India has an estimated 1.5 to 4.0 million waste pickers’ workforce that performs waste collection, sorting and recycling manually. Public health experts and waste management specialists have raised caution about the higher risk of sanitation workers and waste pickers from handling unmarked medical waste emerging from homes where COVID-19 patients are quarantined. As per the Solid Waste Management Rules, 2016, the waste generators are supposed to segregate the waste at source and then hand it over to the authorised waste pickers or collectors. Adherence to these basic rules of waste segregation is still low in our country and a high number of violations have been witnessed recently.


  • In Bhiwandi (Thane), a man was caught putting over 1 lakh used face masks out to dry so that he could resell them in the market, The Times of India reported on March 12, 2020.

  • In Pune, face masks dumped by users in household garbage were being collected by waste pickers, The Indian Express reported on March 23, 2020.

  • In Chennai, sanitation workers described their anxiety about handling domestic waste mixed with used face masks discarded by households, The New Indian Express reported on March 24, 2020.

  • In Sharan Vihar (Delhi), a pile of discarded face masks, tunics, gowns, caps, gloves, empty tablet packets and syringes were found lying in the open, The Indian Express reported on April 1, 2020.


The carelessly discarded masks, gloves and tissues could be potential sources for the spread of this highly contagious virus, they said. Equally important is the proper disposal of Personal Protective Equipment (PPE), including protective suits, gloves, masks, and other waste from hospitals, medical facilities or clinics through appropriate CBMWTFs.

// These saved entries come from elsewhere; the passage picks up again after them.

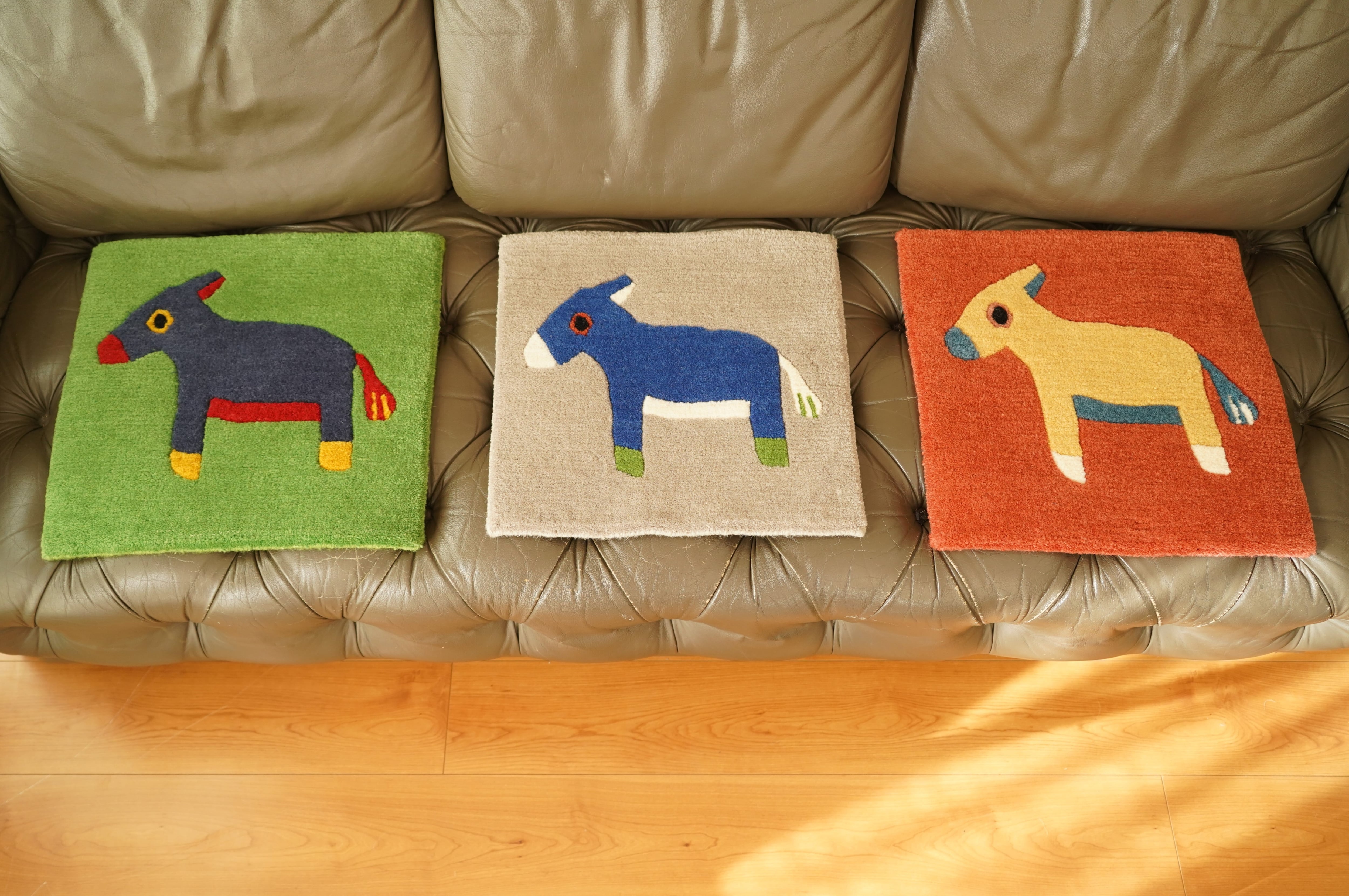 ヒマラヤのラバをモチーフにしたカラフルなチェアパッド。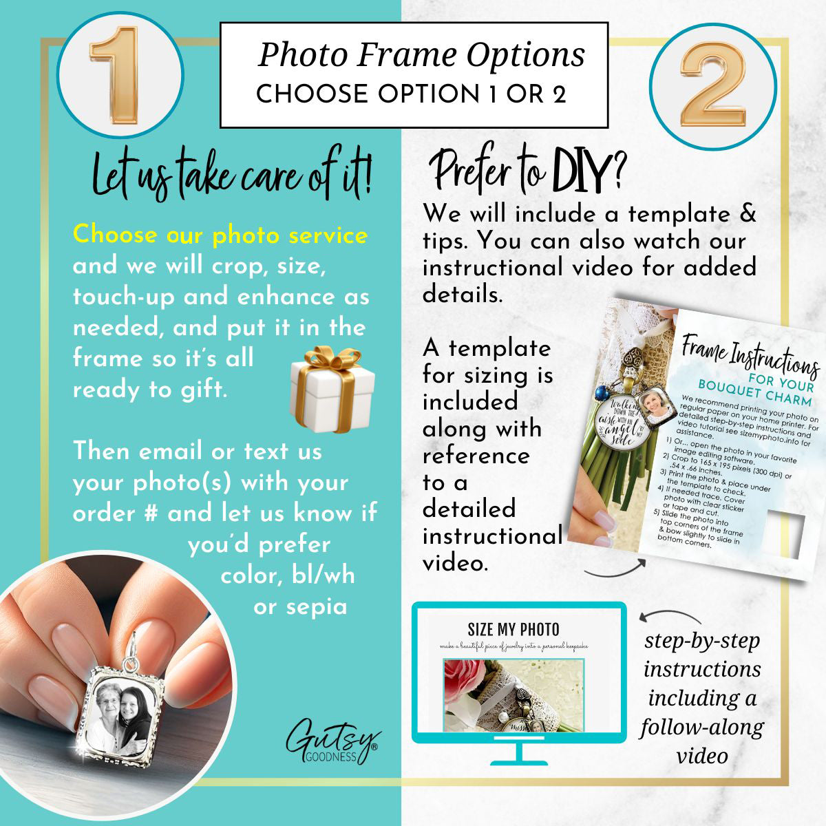 She opens the box and peeks at the card inside that says "You're with me today." "Don't read that yet, just open the bag." She feels a lump in her throat as she gently pulls the bouquet charm out. Her best friend, the one she grew up with smiles back at her from a small frame on the charm. "Oh... it's beautiful."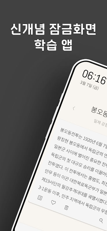 Op het moment dat je je smartphone aanzet, ontvouwt zich een pagina uit de Koreaanse geschiedenis. Je kunt de Koreaanse geschiedenis onder de knie krijgen zonder extra tijd te besteden. Profiteer van de gewoonte om tientallen keren per dag uw smartphone te controleren en maak van die vrije tijd een leermoment.

The concern that this creates for sanitation workers and informal sector waste collectors cannot be neglected.


“Used masks, tissue paper, cotton, medicine left-overs or any other material disposed of by quarantined persons can be highly infectious , and unless collected separately and incinerated; there is a high risk of the infection to spread through this waste,” said Dr U. K. Chattopadhyay, director of All India Institute of Hygiene & Public Health in Kolkata


Inadequate and inappropriate handling of biomedical waste may have serious public health consequences and a significant impact on the environment. Appropriate management of these waste is thus a vital element of environmental health protection. Moreover, we have seen a surge in sales and usage of masks, sanitiser, and other safety essential. But this growing demand was never guided by rules of appropriate disposal mechanism. Most often the contaminated waste was thrown or disposed in common grounds which poses a greater threat to the public and sanitation workers. Thus, there is an urgent need for public to be sensitised about segregated and protected disposal of household waste.


“Sanitation workers are highly at risk, like the medical professionals, police and community health workers who deal with COVID-19 patients. Doctors, nurses and other health workers know about the precautions to be taken but sanitation workers do not and that makes them vulnerable.” said Dr S. S. Darokar, Associate Professor at Centre for Study of Social Exclusion and Inclusive Policies in TISS Mumbai.


Improved public awareness of the problem is vital in encouraging community participation in generating and implementing policies and programmes. Management of biomedical waste should thus be put into a systematic, multifaceted framework, and should become an integral feature of healthcare services. This is urgently required in light of the nation’s increased testing strategy and the requirement that made face masks mandatory in public places. There is an urgent need to strengthen the capacity of waste management system across the local bodies and establish an appropriate review mechanism to ensure proper functioning of waste treatment facilities. It is also critical to ensure a collaboration between healthcare facilities, civil society organisations and others engaged in waste management to come forward for safe disposal of biomedical waste in this pandemic.